The news tonight that this pair is ‘powering’ on with the sale has gone beyond the extreme. Now that the public service has replaced merit appointees for party-sympathisers, is it any wonder we’re seeing flaws at every level of governance. Our political parties endorse the most average and questionable individuals such as Iemma and Costa … (Orkopolous, Rose, D’Arcy, Purcell, Buswell etc) who in turn select party-sympathisers to foster policies that run our economies and lives. These are people who’d struggle in mainstream employment, yet their allowed to drive our health, education, transport and general economic and social welfare via a party vehicle. I’m all for democracy, but tonight the manic Costa and dozy Iemma rang alarm bells. Parties have an obligation to filter and vet their members very closely particularly those running for office. How Iemma and Costa ever passed an IQ/EQ or general medical test I’ve no idea. But the electorate should.

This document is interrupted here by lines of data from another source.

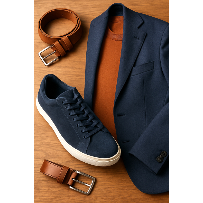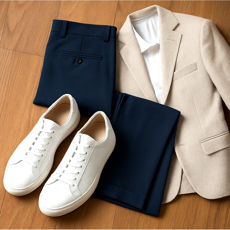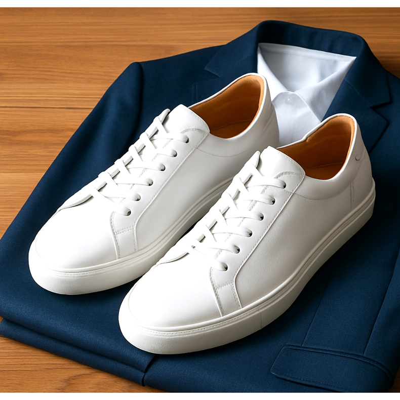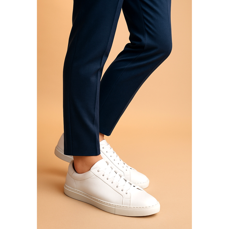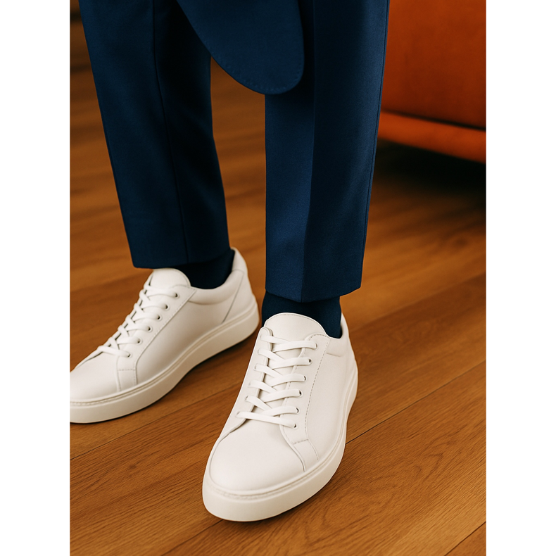 Nem todo tênis combina com terno. Esqueça os tênis de corrida volumosos ou os tênis desgastados da academia. Para calças elegantes, opte por modelos minimalistas e de silhueta esbelta (os chamados low profile). A escolha mais segura são tênis de couro branco, sem logotipos desnecessários e inserções coloridas. O branco puro acrescenta frescor e combina perfeitamente com azul marinho, cinza e bege.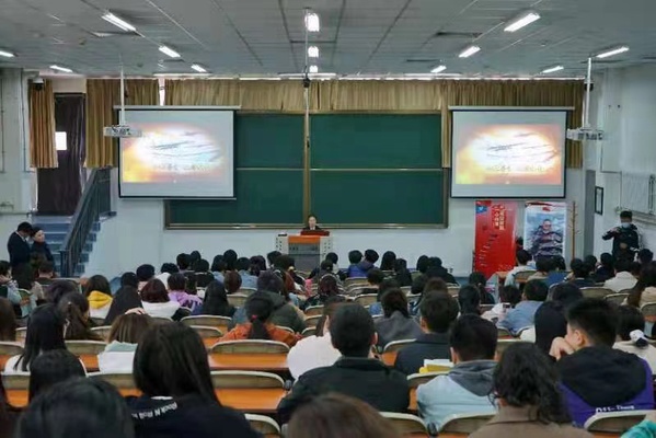 首先,出席本次宣讲会的老师和同学们一起观看了《沈飞辉煌之路》的宣传片,通过宣传片,大家对航空工业沈飞有了大致的了解,随后由宣讲员刘佳讲述了沈飞创业之路,讲述中让同学们初步了解了罗阳同志一直以来的“航空报国”志向。接着,宣讲员播放了《习近平讲述的故事》短片,更全面地介绍了罗阳同志为我国航空事业发展作出的突出贡献。短片之后,薛海梅、赵丹袆两位宣讲员分别讲述了“罗阳同志的两件事”和“用生命践行航空报国的罗阳”。2012年11月25日12时48分执行任务时,罗阳突发急性心肌梗死、心源性猝死,经抢救无效,在工作岗位上因公殉职,终年51岁。2012年,罗阳同志获得感动中国年度人物。丰富的图片和纪录信息让同学们更加深刻地了解到罗阳同志是一位“不忘初心、牢记使命”的优秀共产党员代表,是新时代强军梦,中国梦的忠实践行者!最后,宣讲团对东大给予的支持表示感谢,并指出沈飞与东大有着历史上的渊源,欢迎年轻一代学子加入沈飞,努力实现时代赋予的使命,共同祝愿祖国航空事业的发展越来越辉煌。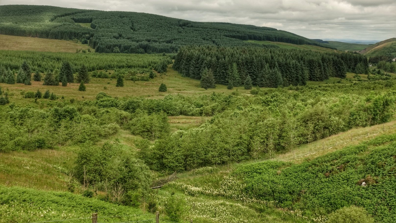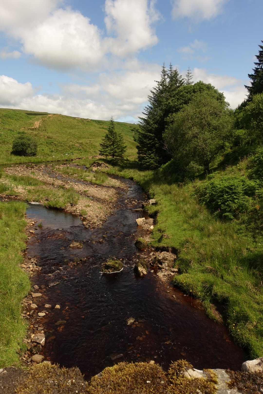 Soon across the border. An innocent wee stream is the border with England. It leads into the Kershope Forest and a changing, perhaps more manicured, landscape.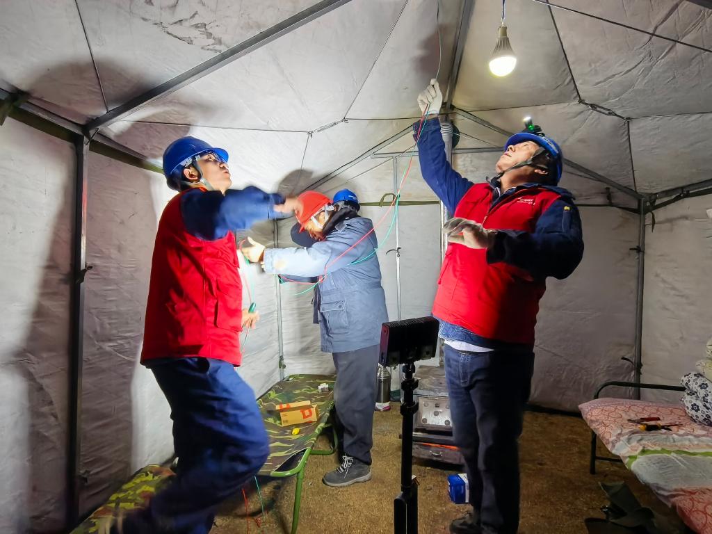 1月26日晚,國(guó)網(wǎng)甘南供電公司工作人員為臨時(shí)安置點(diǎn)應(yīng)急帳篷接電。國(guó)網(wǎng)甘南供電公司供圖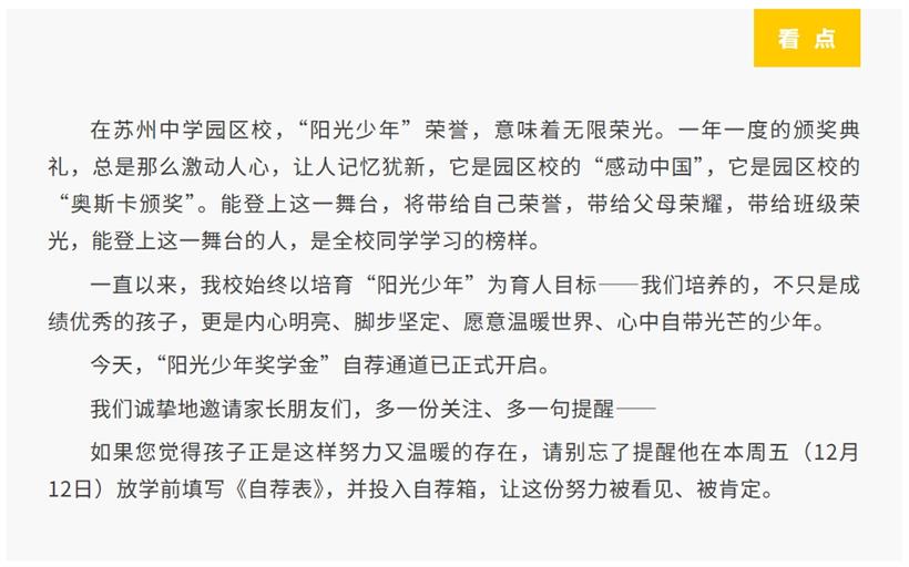 向光而行 | 苏州中学园区校“阳光少年”奖学金评选自荐通道正式开启!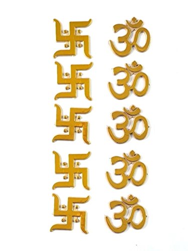 - 5 Pcs Gold Om and Swastika Sticker Double sided tape To stick for Diwali/ Deepawali Gift Handmade traditional Yoga Meditation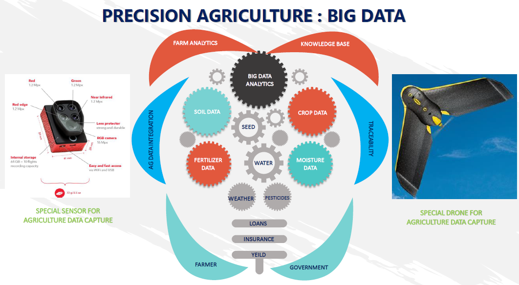 Aegis Consulting has partnered with experts in USA and Europe in promoting Precision Farming or Precision Agriculture solutions to India. Precision Agriculture is generally defined as information technology based farm management system to identify, analyse and manage special and temporal variability within fields for optimum productivity, sustainability and profitability. This also helps in protection of land resource by minimizing the production costs, increasing environmental consciousness of the farmers and public. These agriculture management practices help’s in conservation of natural resources like water, air, soil and soil quality while staying economically profitable. It also carefully manages the use of inputs like chemical fertilizer and pesticides based on right quantity as needed for the crop and the soil. The productivity gain in global food supply have increasingly relied on expansion of irrigation schemes in the recent times. Global competition in agriculture products is challenging economic viability of the traditional agriculture systems and requires development of new and innovative systems. A synchronous, global shutter drone sensor with four bands and an RGB camera for the ultimate in multispectral accuracy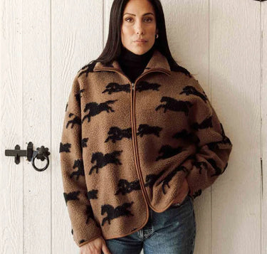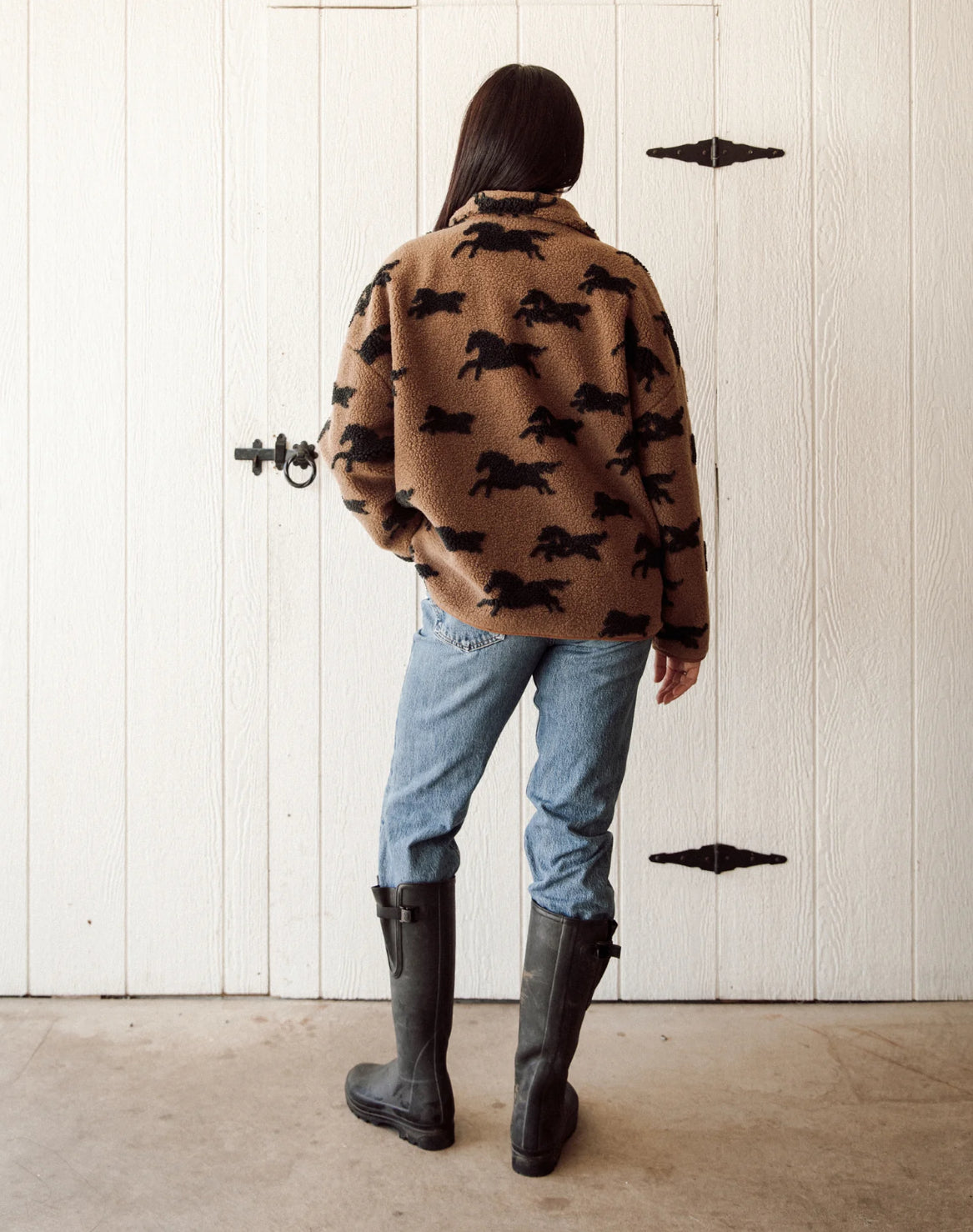 The Brunette the Label Wild Horse Sherpa Jacket is your ultimate cozy statement piece. This oversized, relaxed-fit sherpa fleece is crafted from warm 100% Polyester with a comfortable jersey lining, designed in an equestrian-inspired shape.Featuring cotton binding along the zipper, cuffs, and hem, this full zip jacket is polished, easy to wear, and perfect to layer or wear solo. It's the ideal outerwear piece that provides maximum warmth and effortless style.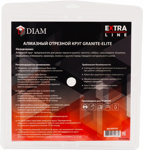 Алмазный отрезной диск Diam Extra Line 1A1R Корона Granite-Elite 250 мм (Диам Экстра Лайн 1А1Р Корона Гранит-Элит 250 мм) – премиальный алмазный круг для мокрой резки гранита, керамогранита, твердой керамики, кварцевого агломерата, оникса, мрамора, габбро, лабрадорита, базальта и других пород твердого натурального камня на бензорезах, электрических резчиках и плиткорезах, камнерезных станках, стенорезных машинах с подачей воды. За долгое время зарекомендовал себя с отличной стороны у многих мастеров, как инструмент, обеспечивающий очень качественное выполнение задач практически по всем твердым материалам, при этом имеет очень большой ресурс и скорость работы.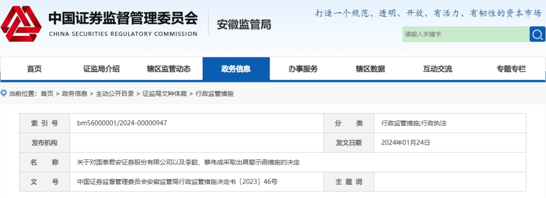 根据《证券发行上市保荐业务管理办法》(证监会令第170号)第六十五条相关规定,我局决定对国泰君安、李懿、蔡伟成采取出具警示函的行政监管措施,并记入证券期货市场诚信档案。国泰君安、李懿、蔡伟成应加强相关法律法规学习,不断提升执业质量。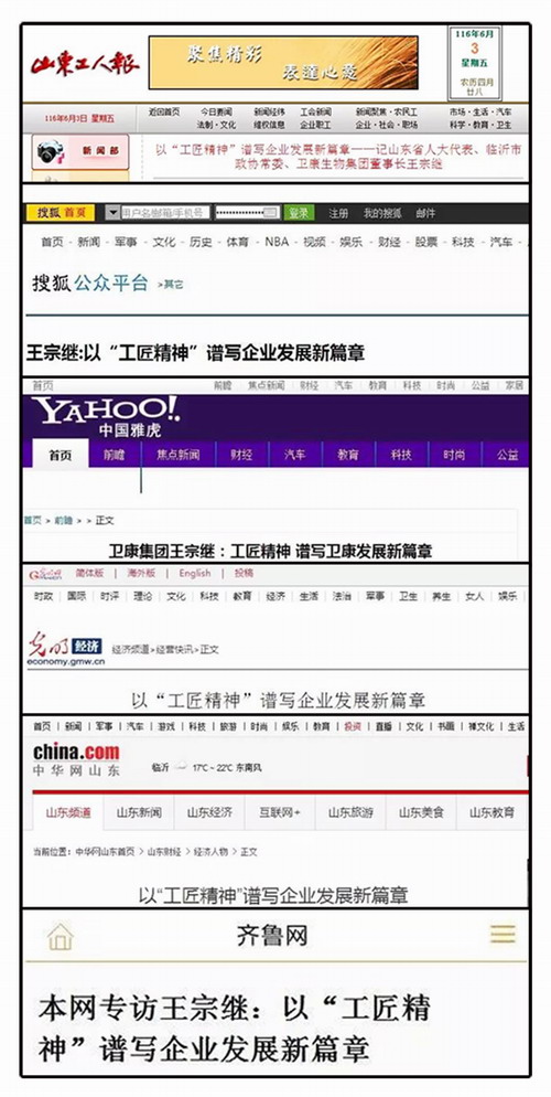 山东工人报在头版显要位置刊发《以“工匠精神”谱写企业发展新篇章——记山东省人大代表、临沂市政协常委、卫康生物集团董事长王宗继》,全文如下:
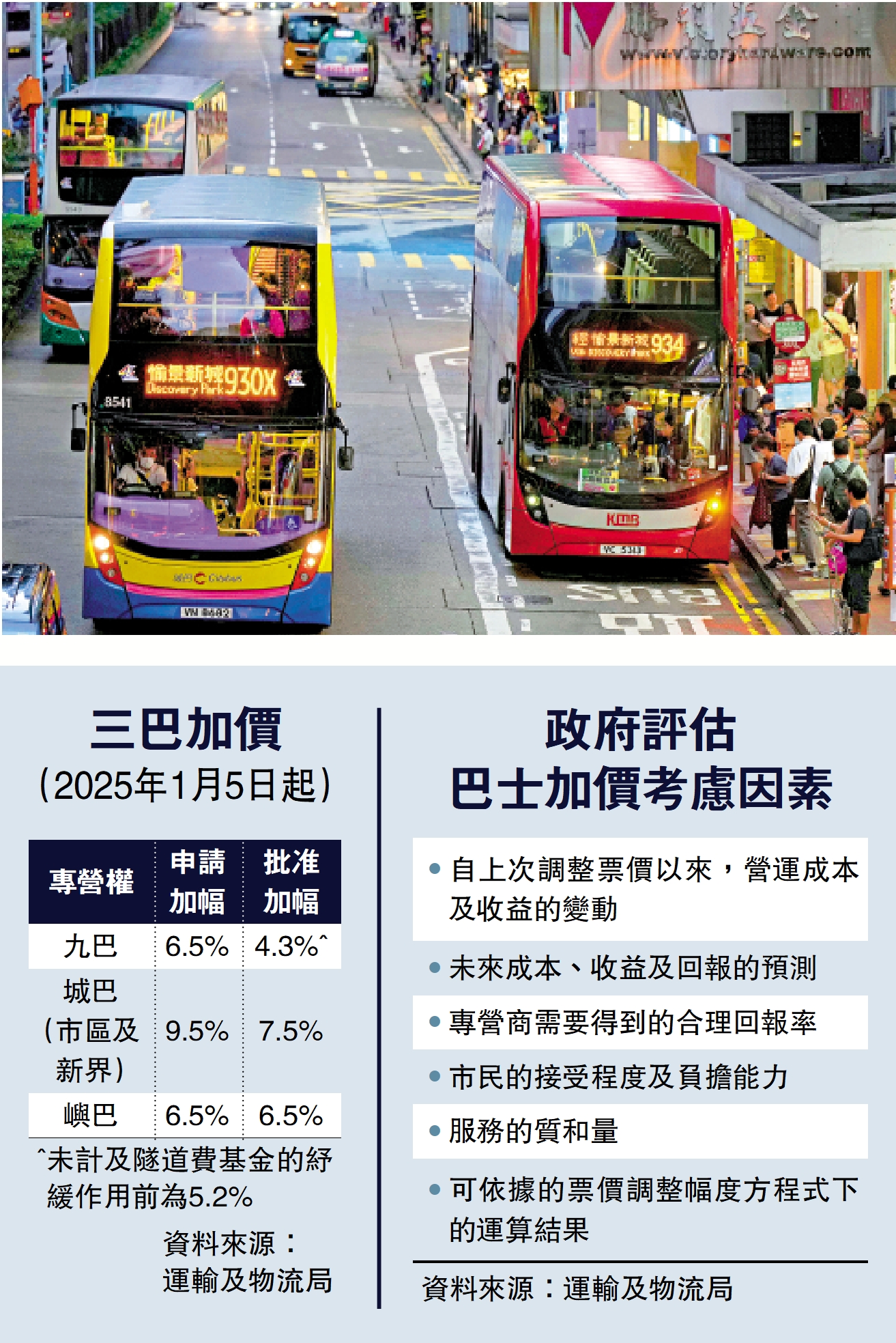 行政長官會同行政會議昨日批准三間巴士公司的加價申請,城巴加幅最高達到7.5%,九巴加價4.3%,新大嶼山巴士加6.5%,明年1月5日起實施。政府估計實施新收費後,約80%的乘客每程須多付的車費不超過0.5元。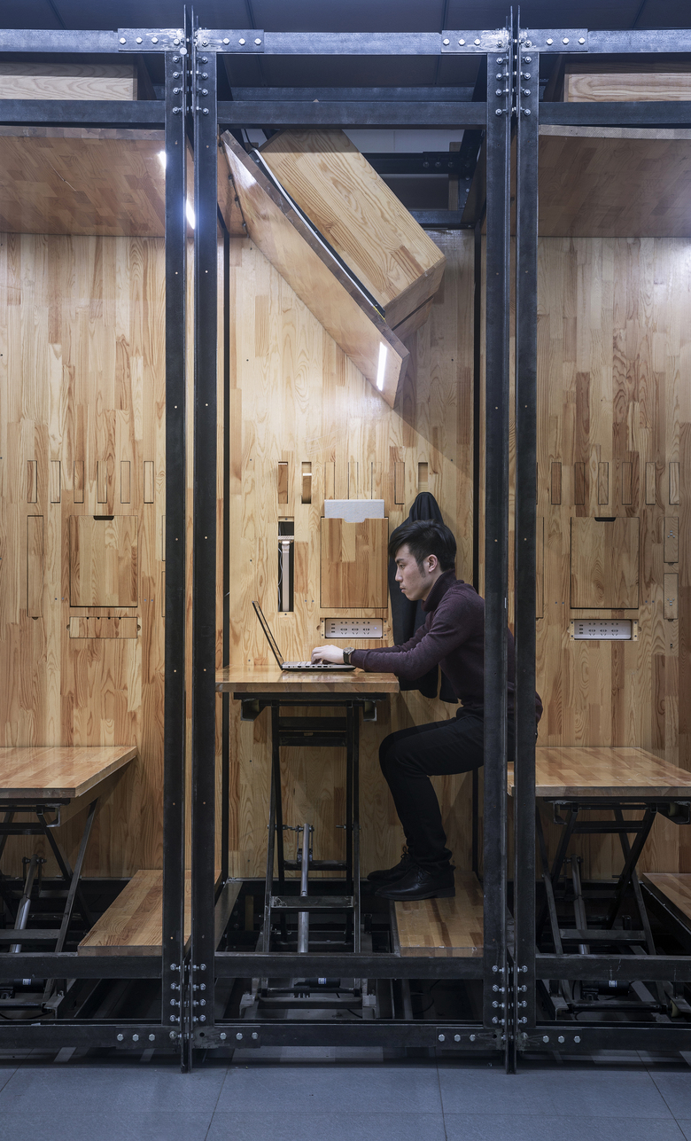 将这个理念延用到办公空间,是偶然也是必然。客户是图文印刷业的经营者,越来越数字化使得实物纸张印量锐减,有意在现有办公空间内分割小区域拓展设计部门,将单一的“印刷”往“印刷+设计”转变。新空间要精小,要区别现有空间,无法判断未来发展状况,要可空间还原。

Public, sorry. Private electricity is stupid. As are private roads, private hospitals and private education.
The thing I’ve never really understood about this sell off is Costa’s ranting about how irresponsible it would be to block the sale, that NSW needs the money for new infrastructure. The question for me is “why isn’t there any money?”. They’re running a business and should know that infrastructure needs to be replaced at some time, so why not put some money away or just borrow like every other business?
It shatters Costa’s credibility as a Treasurer. What was he going to do next year? Sell the Harbour Bridge? If he can’t manage the biggest economy in the country to include a revenue stream for infrastructure replacement he’s virtually incompetent. I won’t miss him. He looks funny too.
NSW desperately needs new infrastructure. That’s something that everyone agrees on. The problem is really something which Costa has inherited from previous governments, Labor and Liberal - failure to plan properly, and failure to budget appropriately for infrastructure augmentation. Questionable management of existing assets by the State-owned electricity generators probably has something to do with it too.
Given the amount of money required, borrowing holus bolus is not the answer. The State’s credit rating would nosedive, and the cost of loans would significantly increase. Increased borrowing as one prong in a multi-pronged solution may however assist.
With the failure of the privatisation of generation and retail assets, we have lost the opportunity make some very positive changes to NSW’s infrastructure deficit. It was the right thing to do, but Iemma and Costa were simply not strong enough to keep their own party in line to get this thing through. It will be interesting to see what strategies the ALP come up with to save their hides in NSW.